Which ever setup is right for you, try to keep it simple.
- Lots of voice talent use mixers for either production mixing or monitor mixing and most mixers have mic preamps built in. The temptation to use the internal mic pre should be avoided unless you have a good working knowledge of signal flow. It's best to purchase an outboard mic preamp and use it as an upstream device.
- Voice talent that use their equipment for nothing but ISDN sessions need a less complicated setup. Keep the audio path short and direct. Have a Y cable made to send the output of your mic preamp to two places: the codec input and ultimately to your headphones. (Some mic preamps have dual outputs. If you have one like this, you don't need the Y cable.) Setups like this will never have issues with slap-back caused by mixing ProComm's talk-back into your signal back to us. Also, setups like this tend to have less technical issues and gain stage problems at session time.
- Some voice talent do their own production and need more elaborate control rooms. If you're one of these people, a room wired around a patch bay is best. The more equipment your signal has to travel through the more noise and coloration it's subjected to. Use of a patch bay as a central hub for interconnection offers more flexibility and the ideal set up for direct routing of your audio signal. Have all equipment inputs and outputs terminate on the patch bay including your mixer line inputs and buses. (Direct wire your mixer's mic inputs to a snake going to your studio.) Then, when in session, patch your mic preamp to the codec input to feed ProComm and to a mixer input for your headphones. Patch the codec output to the mixer too so you can hear ProComm talk-back. When you need to do your own production, repatch.

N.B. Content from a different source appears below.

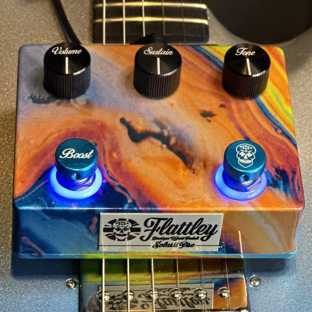 The Solaris Pro is the first fuzz that I’ve tried that does this really well. My favorite feature of this pedal is the boost. Not only does it give ample volume boost but also changes the tone and gives the fuzz more mids, which helps cut through a mix. I actually play the Solaris Pro with the boost On all the time. The pedal also stacks incredibly well with other pedals. I have a Wampler Belle (based on a Nobles ODR-1), a Green Rhino (a TS808) and a WTB+ (treble booster) and it takes all of them extremely well.

- When it comes to EQ and compression, ProComm needs an unadulterated version of your voice. Even though compression and EQ can enhance your voice and make it sound super cool, remember we might have to match that voice to one we recorded two years ago. The best signal you can send is a completely unaffected one. Bypass your EQ and compression if it's part of your mic preamp. If your compression and EQ are separate boxes, you shouldn't have them in the audio chain to start with. Remember, direct and simple.